In this work we detail a method for global yield prediction, capitalizing on industry-scale ELN data, which can be used to significantly raise discovery productivity in industries synthesizing novel compounds, by avoiding failed reactions and recommending reagents for single and parallel synthesis experiments. This method was validated using prospective, experimental, and nested cross validations, including a benchmark of BEE on a regression task using an open-source high-quality dataset, where it greatly outperforms a state-of-the-art technique, corroborating our argument that inclusion of impactful condition information is critical. This formulation also enables future growth opportunities as it benefits from any additional synthesis and condition data that becomes available over time, as the produced data becomes more refined and structured.

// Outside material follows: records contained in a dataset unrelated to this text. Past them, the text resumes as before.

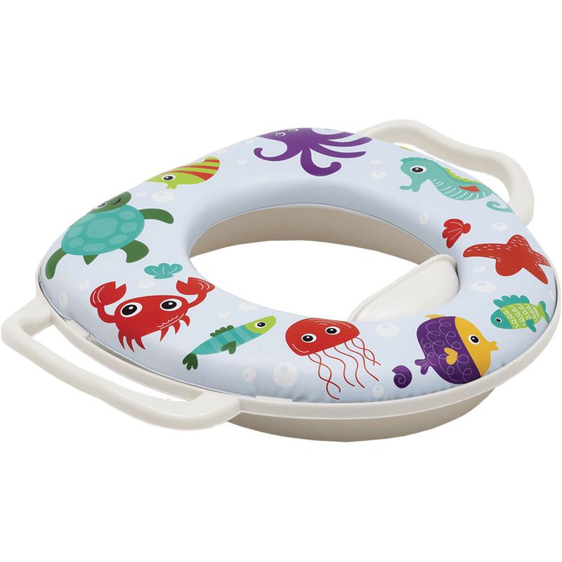 Redutor de assento macio em plástico e PVC atóxico. Redutor de assento infantil fundo do mar é produzido pela Buba com materiais de ótima qualidade, acabamento e repleto de detalhes. Incluido na embalagem 1 assento redutor macio.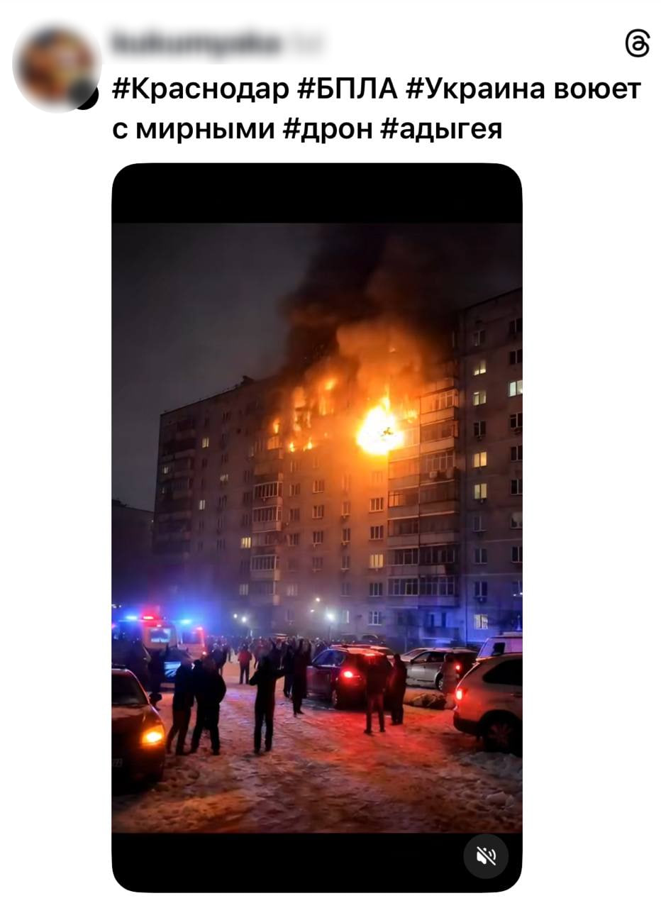 ВИДЕОФЕЙК: Украинский военный беспилотник атаковал дом в Краснодаре
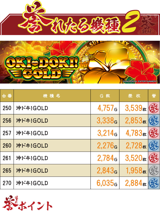 ぱちタウン取材班の予想以上に大活躍を見せていたのが『沖ドキ!GOLD』。半数近い台に誉マークが付いており、そのほとんどが赤&青誉マークとなっていた。この結果から推測するに、かなりの数の優秀台が潜んでいたのかも。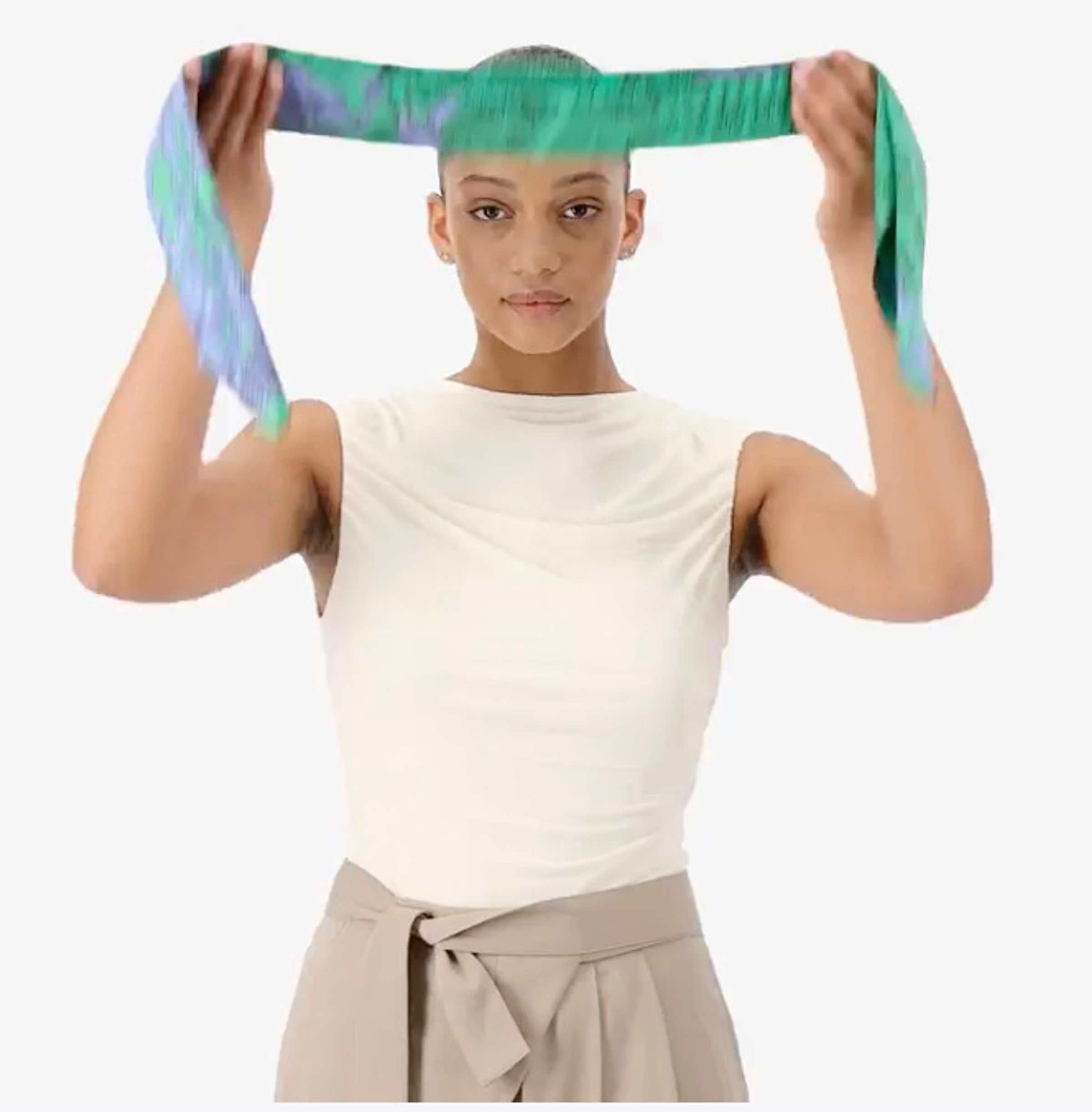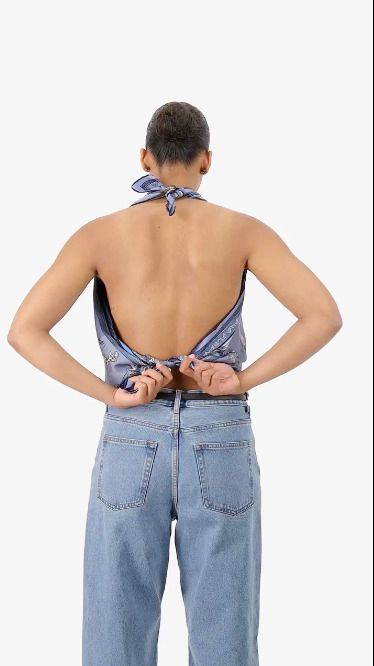 1. Pliez votre carré en deux pour former un grand triangle. 2. Positionnez la pointe du triangle vers le bas, au niveau de votre poitrine. 3. Ramenez les deux extrémités autour de votre dos et nouez-les fermement. 4. Ajustez le tissu pour qu’il soit bien centré : un bustier simple et élégant.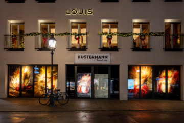Fotokunst Installation im Schaufenster am Viktualienmarkt im LOUIS Hotel Mit der über zehn Meter breiten Kunstinstallation „Entfesselte Farben“ des Münchner…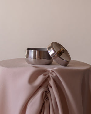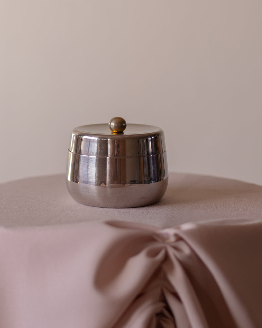 Vintažinė, nerūdijančio plieno cukrinė su paauksuotu rutuliuku.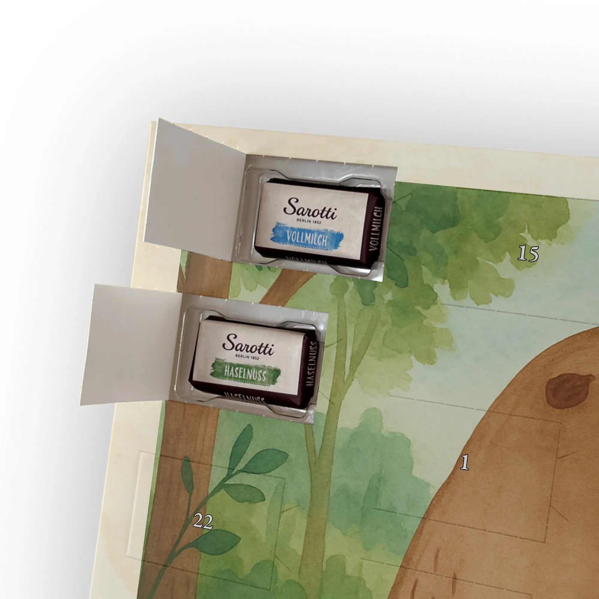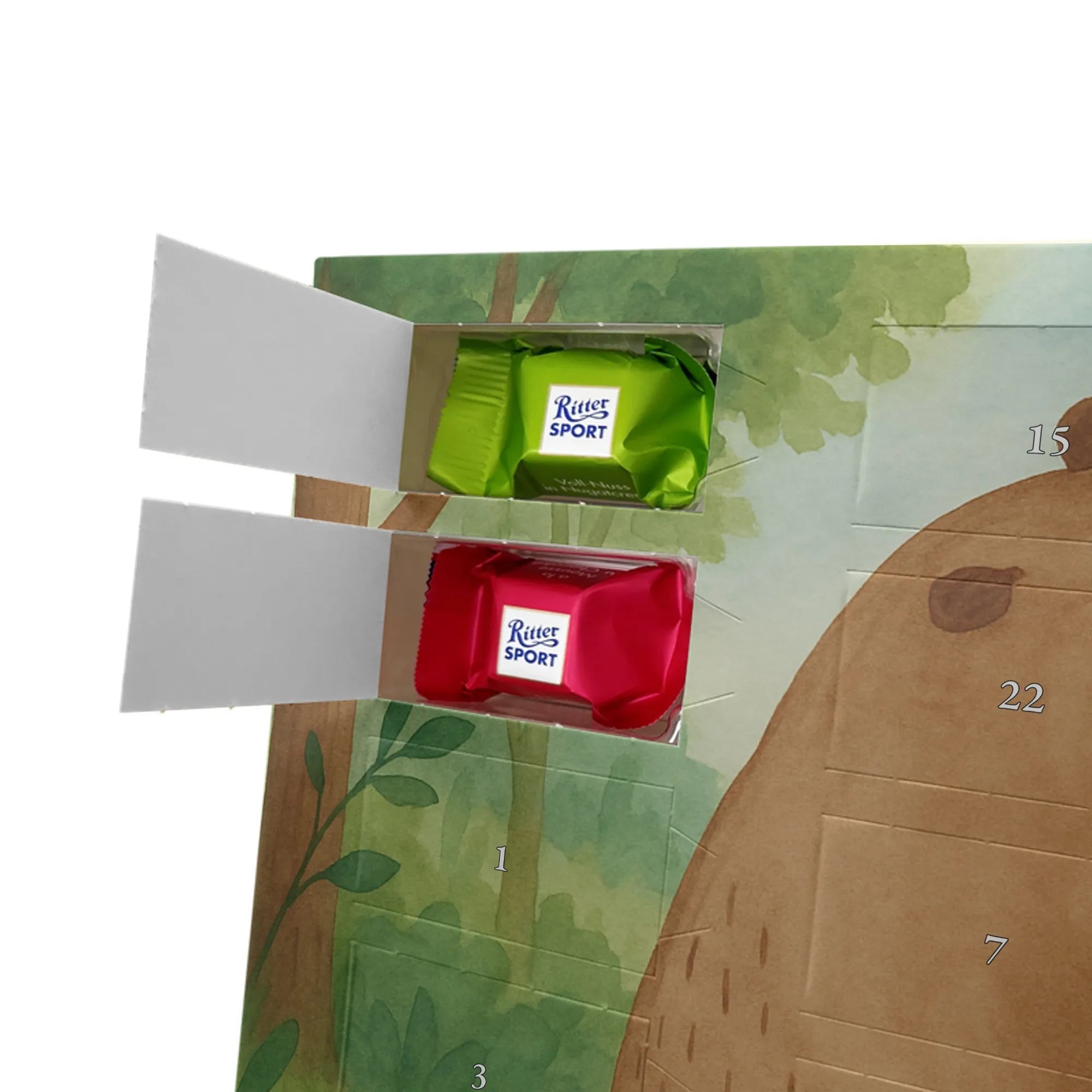 Chocolate advent calendar bear shoulder look Design - Ritter Sport - with saying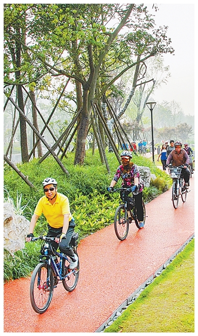 四川省成都市郫都区,市民在沱江河绿道骑行。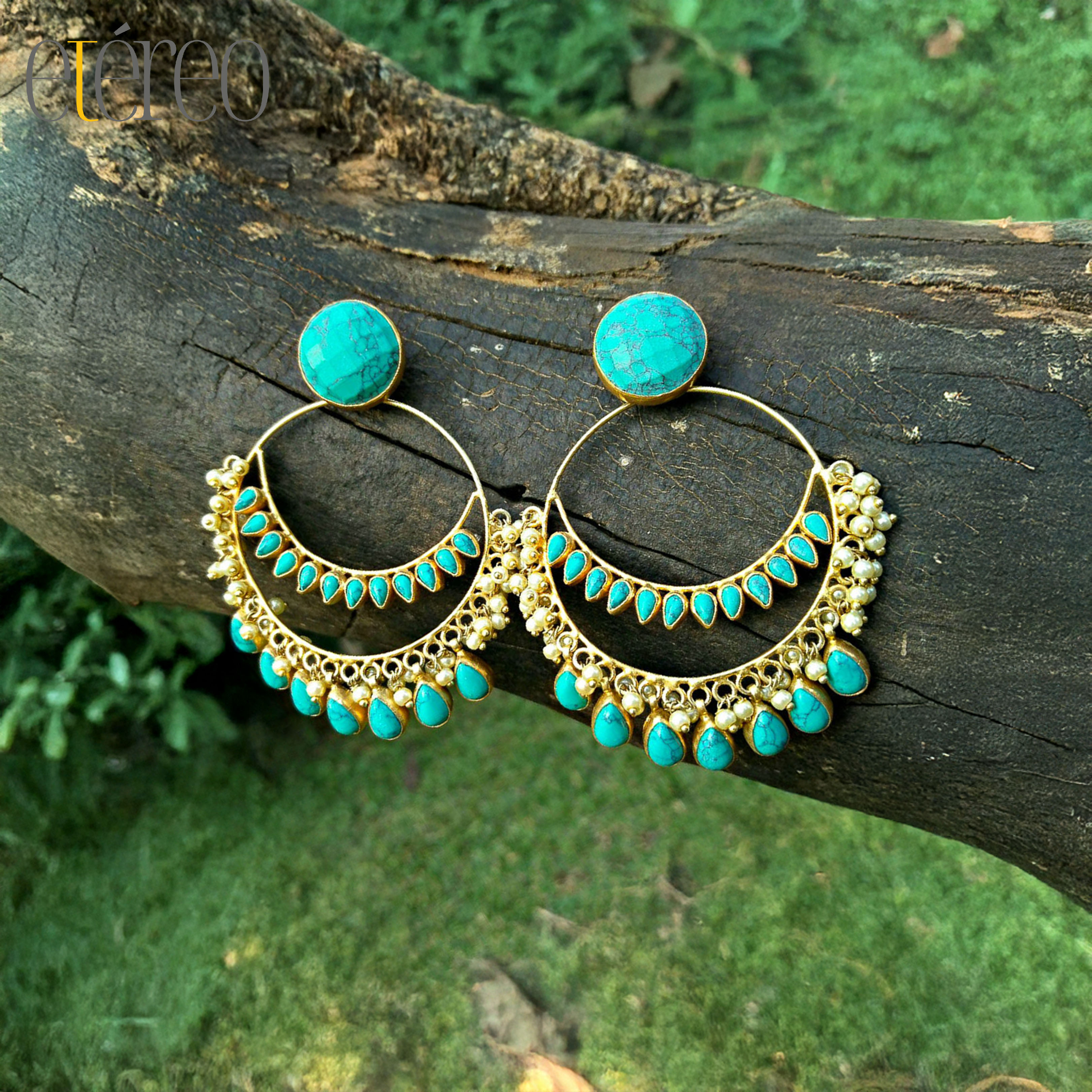 ER77DE166-Golden and Stone with Golden Leaf Chaandbaali

Study limitations and future work

In this study we present a binary classification global model with a useful confidence score, as well as a high-performance regression local model. The detailed approach enables chemists to avoid very low yield reactions and can act as a reagent recommender for single and parallel experiments through reagent combination ranking. However, to realize its full applicability potential, the model will have to be able to perform global regression tasks or at least a multi class classification task, e.g. being able to differentiate between 5%, 25%, 55%, 85% yield, such that it can be used for yield optimization use cases via the formulation of different reactant-reagent and conditions combinations. However, as indicated previously, the creation of a high performing global regression model requires greatly increased data quality and the inclusion of all useful procedure information signal. To achieve this, techniques which can parse procedure text into a structured format or encode it into the embedding will likely be significant. Additionally, techniques to identify and recommend which data production exercises are needed to bring the most performance with the least amount of data will also be important in the pursuit of a high-performance global regression/multi-classification model.